IF THERE WERE more serious hikers who were also serious birders, we would have better data on the birds in the Olympic Mountains.
I recall one summer when a young man who is not only a birder but a hiker shared some of his bird sightings while visiting favorite trails in these mountains. Ian lives on Bainbridge Island and every year makes hiking part of his summer fun.
Those of us who put away our packs once the kids were grown are now reading about the birds seen through his 10×50 binoculars.
It would be great if other hikers who visited the mountain peaks would turn in reports like those from Ian: “From the summit [Mount Buckhorn] the whole picture [included] Vancouver Island and the San Juan Islands, down the Sound to Rainier, Adams and St. Helens … Birds of the day included hermit and varied thrushes, nuthatches, band-tails, olive-sided flycatcher, half a dozen horned larks, three gray-crowned rosy finches and a pair of Clark’s nutcrackers.”

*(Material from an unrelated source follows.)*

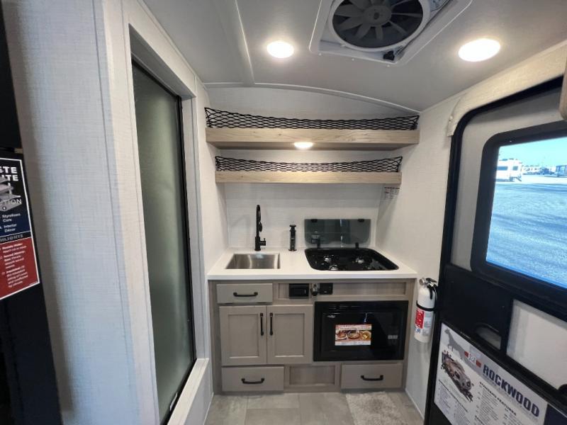 With any Rockwood GEO Pro travel trailer by Forest River you will enjoy easy towing, durable construction, and off-road capabilities with larger 15" tires and a lift kit! Each model is constructed with complete composite wall construction for added strength and durability, and the torsion axle, Rubber-Ryde suspension will make towing easier than ever. Inside, you'll find sleek roller shades for added privacy, a 12V refrigerator and a microwave, plus a 20,000 BTU furnace to keep you warm during the colder camping months.
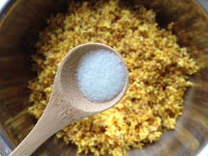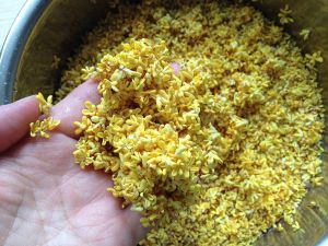 将摘来的新鲜桂花去除杂质和花梗(这是一个比较费工的活)

Nutcrackers are listed for the Olympics, but they don’t hang out near the Hurricane Ridge Visitor Center and picnic areas the way they do on Mount Rainier. Some birders have questioned their presence in the Olympics, but the Department of Fish and Wildlife maintains the birds are there.

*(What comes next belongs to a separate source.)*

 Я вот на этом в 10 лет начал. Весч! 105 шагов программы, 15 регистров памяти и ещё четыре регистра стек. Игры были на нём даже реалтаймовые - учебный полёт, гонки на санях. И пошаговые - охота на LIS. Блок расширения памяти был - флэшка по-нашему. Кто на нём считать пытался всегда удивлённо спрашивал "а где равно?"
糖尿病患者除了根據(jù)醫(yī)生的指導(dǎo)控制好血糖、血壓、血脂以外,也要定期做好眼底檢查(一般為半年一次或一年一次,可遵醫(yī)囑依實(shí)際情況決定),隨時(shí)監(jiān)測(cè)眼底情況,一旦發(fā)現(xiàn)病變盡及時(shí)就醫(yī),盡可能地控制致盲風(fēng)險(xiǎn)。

Just the same, there is something more satisfying about reports from fellow birders. Ian noted that the last time he saw them was 10 years ago near Marmot Pass, barely a mile from the Buckhorn sighting.
So, if climbing Mount Buckhorn is in your summer plans, please keep an eye out and let us know if you see the nutcrackers.
Further reports from Bentryn included material gathered on hikes to popular mountains many of us are familiar with. Mount Townsend’s summit yielded horned larks, American pipits, hermit and varied thrushes, olive-sided flycatchers, blue grouse, winter wrens and a red-tailed hawk.
A hike up Mount Zion produced his “first ever hermit warbler.” That’s interesting because many of us head for Mount Walker when looking for this elusive warbler.
Several years ago, while visiting with members of the local Mountaineers, we were discussing a need for birding hikers. One young man had recognized a mountain chickadee on one of the photos we were sharing. He said he had seen them when hiking in the Bailey Range of the Olympics.
Sightings of this bird in Western Washington are few and far between. It would be exciting to learn that it nests in the Olympics.
Another hiker familiar with our birds reported seeing great blue herons migrating over Gray Wolf Ridge. Were they herons or sandhill cranes using a long-established route? There is still new information to be gathered on birds in the Pacific Northwest.
Looking back on the hikes we enjoyed over the years, it’s frustrating that the only interesting bird sightings I remember involve coastal hikes designed to introduce us to the sport. Once we started climbing mountain trails, I had a difficult time keeping my eyes anywhere but on the trail.
I wish I’d paid attention to the birds when we were camping in mountain goat country, but my uppermost thought was usually how I was going to make it back down the trail we had just climbed.
If more information is to be gathered about the bird life at the higher elevations in the Olympics, we need birding hikers who will share their sightings.
Unlike the Sierra Nevada Mountains in Nevada and California, it isn’t possible to drive to numerous high-elevation places in the Olympics to look for birds. It’s up to the hikers.
I’d sure like more reports on gray-crowned rosy finches and Clark’s nutcrackers.